One of those troops in a provincial reconstruction team, or PRT, was Staff Sergeant Jason Fetty of the United States Army Reserve who was a pharmacy technician in West Virginia before he was called up and deployed to Khost province. According to a 2007 American Forces Press Service release, he had spent ten months working to build a new emergency room when he would have a fateful confrontation on Feb. 20 of that year.

Staff Sgt Jason Fetty (Defense Video Imagery Distribution System)

“We build roads, build bridges, improve health care.

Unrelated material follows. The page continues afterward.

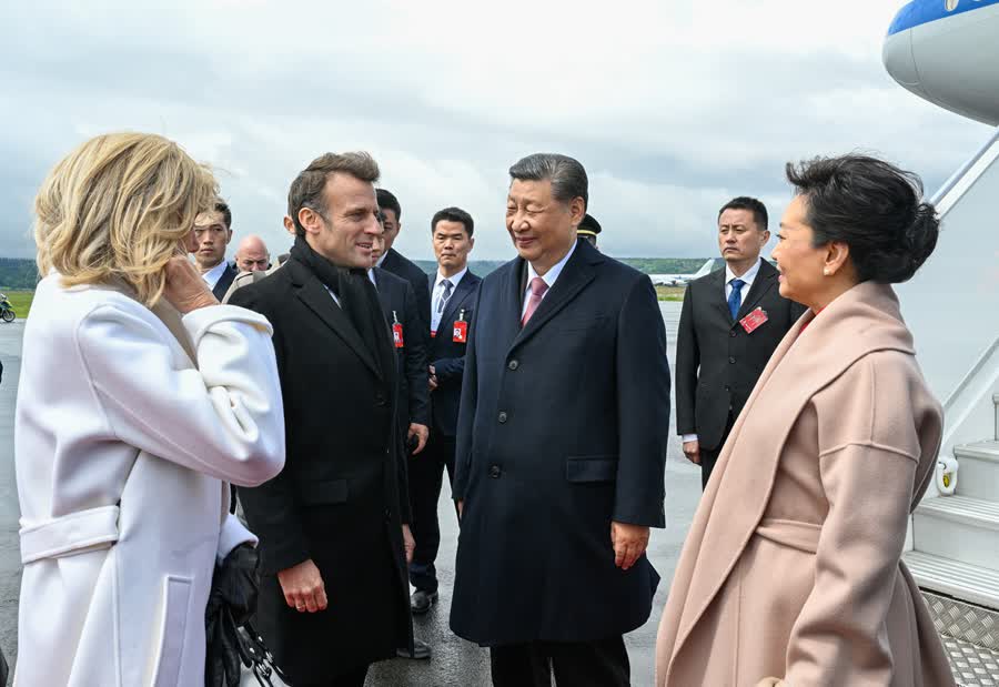當地時間5月7日,應法國總統馬克龍特別邀請,國家主席習近平乘專機來到法國西南部上比利牛斯省訪問。這是習近平和夫人彭麗媛在塔布機場受到馬克龍和夫人布麗吉特熱情迎接。新華社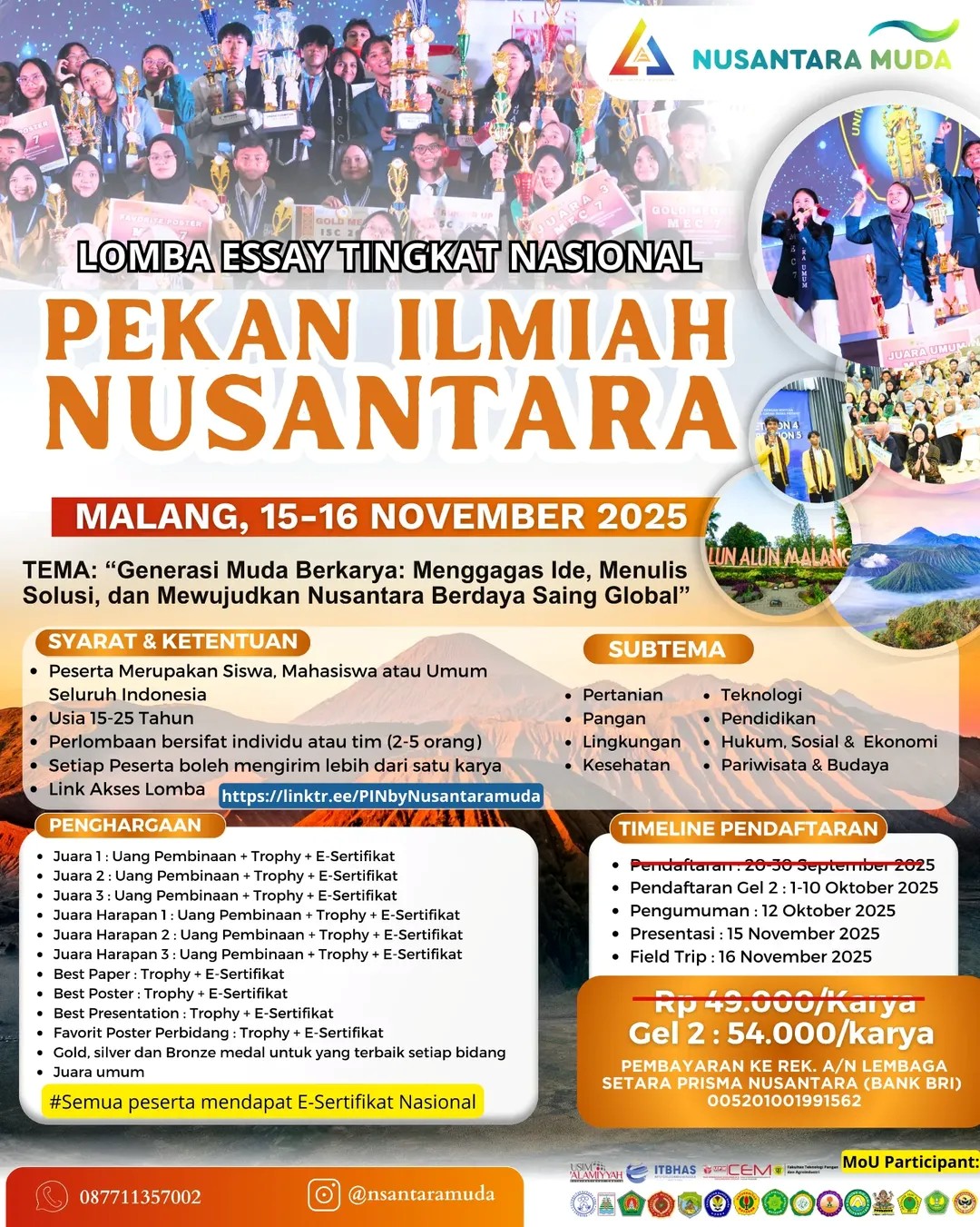 uin-suska.ac.id Mahasiswa Fakultas Pertanian dan Peternakan UIN Sultan Syarif Kasim Riau kembali meraih prestasi membanggakan di tingkat nasional. Rian Efendi, mahasiswa Program Studi Peternakan, bersama timnya berhasil meraih 1 Silver Medal dan 2 Bronze Medal pada ajang Lomba Essay Tingkat Nasional “Pekan Ilmiah Nusantara 2025” yang diselenggarakan oleh Nusantara Muda di Kota Malang, pada 15-16 November 2025.

The Afghan government doesn’t really have the means to fix itself by itself,” Fetty explained about the PRT’s mission.

Fetty had gotten to know many of the medical professionals at the time, and while on guard duty that day for the opening of the emergency room, he noticed an unfamiliar face. And that person “definitely didn’t look right,” Fetty later said.

“Every Soldier who has been in combat or been downrange knows when something is not right,” he later explained to reporter Donna Miles. “You can feel it. You can see it. It’s a general sinking feeling that things are not going to go right. You feel it in your gut.”

Members of a Provincial Reconstruction Team deliver school supplies. (Photo: U.S. Navy HMC Josh Ives)

Fetty attempted to use verbal commands to force the intruder away, but the man grabbed his rifle by the barrel. At that point, Fetty began to maneuver the would-be murder-suicide bomber away, while others evacuated the assembled VIPs, including the governor of the province.

“It was either going to be me or 20 other people back there. …suicide bombers are next to impossible to stop. All you can do is limit the damage that they can do,” Fetty said. But after he got the would-be killer around the corner, things escalated. Accounts differed as to whether Fetty tackled the bomber or struck him with the end of his rifle, but there was a violent encounter that included Fetty shooting the terrorist in the lower legs.

Army Spc. Joseph Sullivan, security force team member assigned to Provincial Reconstruction Team Farah, provides security. Staff Sgt, Fetty was on security duty when he went eyeball-to-eyeball with a murder-suicide bomber. (US Navy photo by Chief Petty Officer Josh Ives)

Other troops soon started firing, and eventually, Fetty took three steps away and then made what he would call “a Hollywood dive” as the bomber’s explosives detonated. Fetty was peppered with shrapnel, as were some other American troops, but the bomber had been kept from his primary target – as well as the doctors who would staff the new emergency room.

For his actions, Fetty became the first Army Reserve soldier serving in Afghanistan to receive the Silver Star.